3-2: How would non-growing or dead vegetation (such as crops in senescence) be detected by Landsat? ANSWER

We show these stages for wheat in this sequential illustration:

 

Variability in the Crop being Observed Diagram.

Note that, in the Landsat imagery, the wheat fields (particularly the light-blue polygon in the far-left image) show their brightest response in the IR (hence red) during the emergent stage but become less responsive by the ripening stage. The grasses and alfalfa that make up pasture crops mature (redden) much later.
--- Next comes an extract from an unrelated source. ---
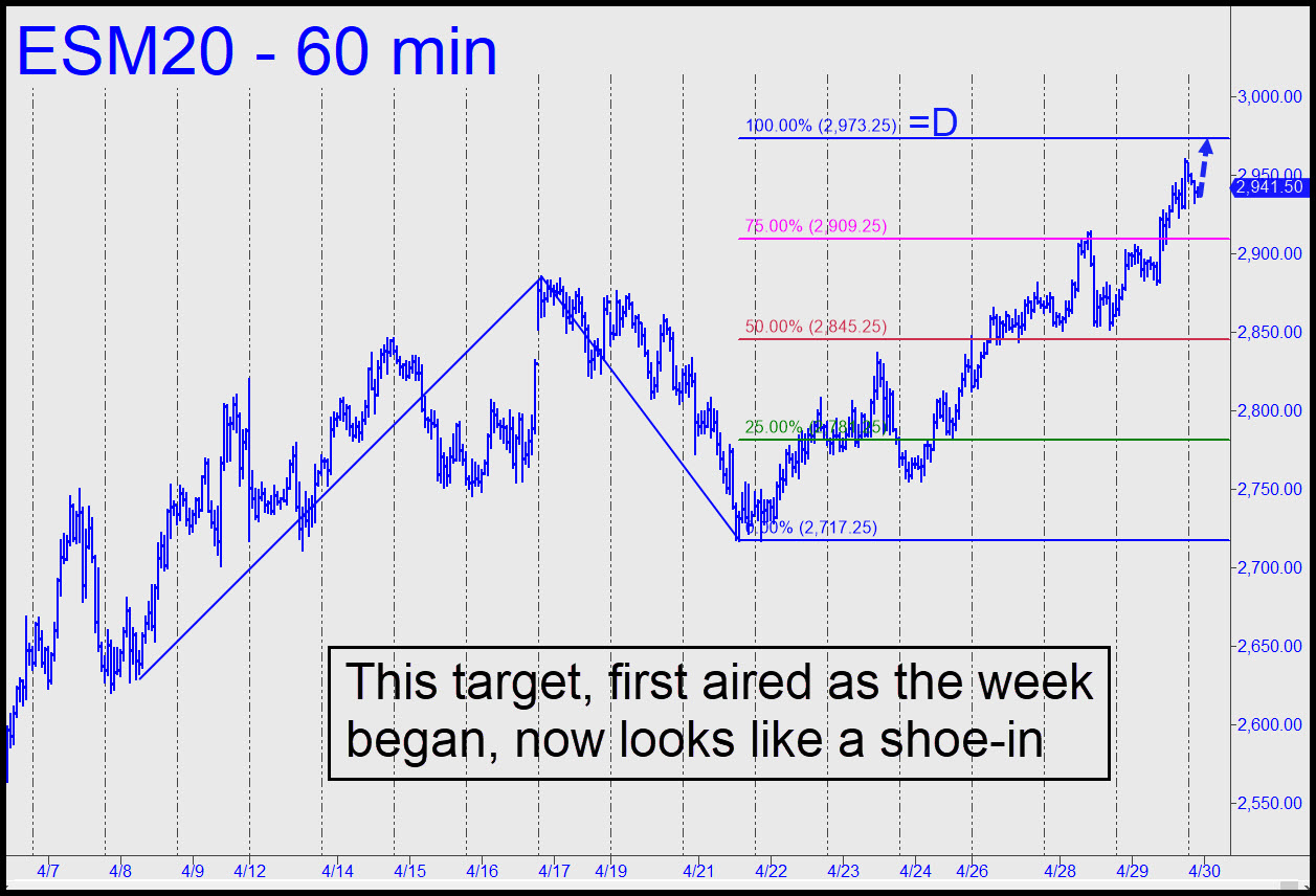 By closing well above a clear Hidden Pivot resistance at 2921.75 given here earlier, the futures all but clinched a further push to at least 2973.25. I am recommending shorting there only if, guided by my insanely bullish targets, you’ve banked at least $1000 of profits on the way up. I expect a tradeable pullback from 2973.25, but this should not be regarded as low-hanging fruit. I say this because there are so many bears in the Rick’s Picks Trading Room who have been salivating over the possibility that this psychotic short-squeeze rally, the most powerful ever witnessed in U.S. markets, is nearing an end. Such skepticism is what has in fact propelled it, and it is far more widespread than just the chat room. Rest assured that as long as there even a few bears still standing, the craziness will continue. Above 2973.25, I would suggest putting aside Hidden Pivot targets and substituting the obvious benchmarks that the mouth-breathers will be focused on: 3000, and thence 3121, where the futures made an important top in early March on the way down. There is also a ‘magic number’ at 2997.00 that, although not a resistance, meets criteria that I have been experimenting with for the last couple of months. _______ UPDATE (Apr 30, 9:04 a.m. EDT): The futures have pulled back sharply from a wee-hours, short-squeeze peak at 2965.00. A missed tally target, especially one so clear as this one, should always be taken as a sign of weakness, notwithstanding the fact that in this case, it revealed itself in the context of a world-beating rally. Think of it as Garbo’s ominous cough in the second reel of Camille. It certainly did deny us an opportunity to get short on our terms. Oh well.

3-3: This picture was made as part of the LACIE program, designed to demonstrate that crop history can be monitored by satellite and that productivity (yield in bushels) and prediction of total yield in a season from regions of major productions can be quantitatively assessed. How where the specific crop types used as training sites identified (determined)? ANSWER

An additional image variable is, the crop's background, namely the nurturing soil, which may change color and other properties, and the amount of moisture it holds. All of these factors combine to cause small to large differences in spectral signatures for the varieties of crops cultivated by man. Generally, we must determine the signature for each crop in a region from representative samples at specific times. However, some crop types have universally similar spectral responses at equivalent growth stages.